Вот основной драматический парадокс пьесы: провинция — это когда все герои — негерои, когда творческая энергия личности, не успев расцвести, упирается в банальное. Банальное губит индивидуальности. Оно и есть варварство. Не эгоизм, не равнодушие, а банальное — неумение строить жизнь по-новому, искать новое и находить. Ведь варвары — идолопоклонники, напридумывали себе богов и гнут спины, бьют лбы, не видя жизни вокруг. И как болезнен для каждого момент пробуждения, как трагичен, как непоправимо катастрофичен порой!

Товстоногов настаивал: в каждом из действующих лиц пьесы, вплоть до эпизодических, таится своя драма. В какое-то мгновение спектакля в каждом из них просыпался человек, который заявлял о себе, порой кричал от боли, от обиды, от унижения. Что могло быть общего, например, у Цыганова — Стржельчика с акцизным надзирателем Монаховым, каким его играл Лебедев — мелко, гаденько озлобленным, липким, с подергивающимся судорогой лицом? Общим было человеческое. Оно обнаруживалось и в Монахове — Лебедеве, как-то неестественно, болезненно выпавшем на сцену после самоубийства жены. И в Надежде Монаховой — Дорониной, которая на протяжении спектакля раздражала нелепостью костюмов, поз, приторными интонациями с придыханием и откровенной чувственностью. В финале перед смертью она словно делалась стройнее и строже: «Какая-то трагическая нота дрожит в голосе Дорониной, и во всем ее облике, когда она стоит у окна, запрокинув голову, с мечтательной улыбкой на губах, чувствуется великая тоска»[23], — писал Ю. Юзовский. И здесь побеждало не раздражающее, а требующее сострадания. И в Черкуне — Луспекаеве открывался не романтический герой-протестант, способный преодолевать догмы общепринятой морали, а обыкновенный человек. Не рыцарь, не герой — человек, связанный с жизнью множеством ниточек-долженствований и ниточек-обязанностей, которые не так-то просто разорвать.

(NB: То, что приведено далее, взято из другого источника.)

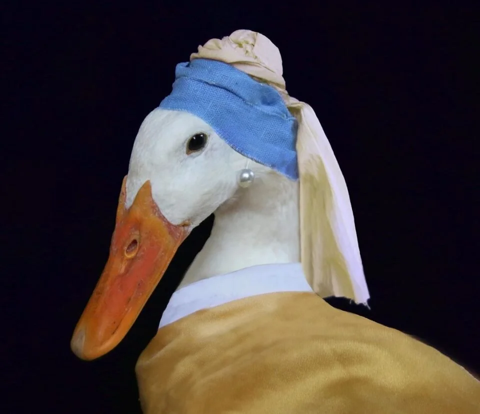 My Girl with a Pearl s’avère être une installation numérique légère et très créative, à la place du tableau emblématique. Fruit d'un appel d'offres lancé l'année dernière, qui a recueilli près de 3 500 propositions, cette œuvre temporaire présente en boucle 170 rendus du portrait de Vermeer de 1655. Les médiums et les styles varient considérablement, et l'installation présente tout, d'une itération abstraite utilisant des élastiques multicolores à un portrait élégamment photographié en passant par la figure virale de l'épi de maïs.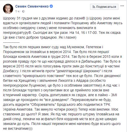 Семенченко отметил, что его вызывают в качестве свидетеля, но не сказал, по какому делу.

Та же человечная основа обнажалась и в Цыганове — Стржельчике, который в уездной глуши утрачивал столичный лоск и по русскому обыкновению запивал «горькую», потому что жизнь когда-то пошла по кривой, «скособочилась», а понял он это поздно.

С «Варваров» в биографии Стржельчика начался как бы новый отсчет. Цыганов не поддавался однозначной характеристике так, как это бывало в предыдущих работах актера. Он не умещался в рамках определенного амплуа, а существовал в спектакле особенно, индивидуально, по одному ему свойственным законам существования, которые в то же время были и типическими, поскольку за ними вставала, определенная среда, определенный социальный слой, определенное миропонимание.

Бледный, чуть седеющий, словно посеребренный или припудренный Цыганов Стржельчика «отдавал» матовым блеском благородного металла. Аристократ в оскар-уайльдовском духе, барин на заграничный манер, не допускающий фамильярности, лениво-циничный, опустошенный, пресыщенный. Холодность его натуры предполагала особого рода развращенность — изысканную, утонченную. Ю. Юзовский сказал о нем очень хорошо: «Это совсем иного рода Цыганов, чем у Зубова. Там был барин, да еще русский барин... У Стржельчика он «по-петербургски» холоднее, лаконичнее, скептичнее, злее — он не столько барин, сколько «белая косточка»... много в нем также чистоплюйства, изыска, природного высокомерия, которое, правда, смягчено иронией»[24].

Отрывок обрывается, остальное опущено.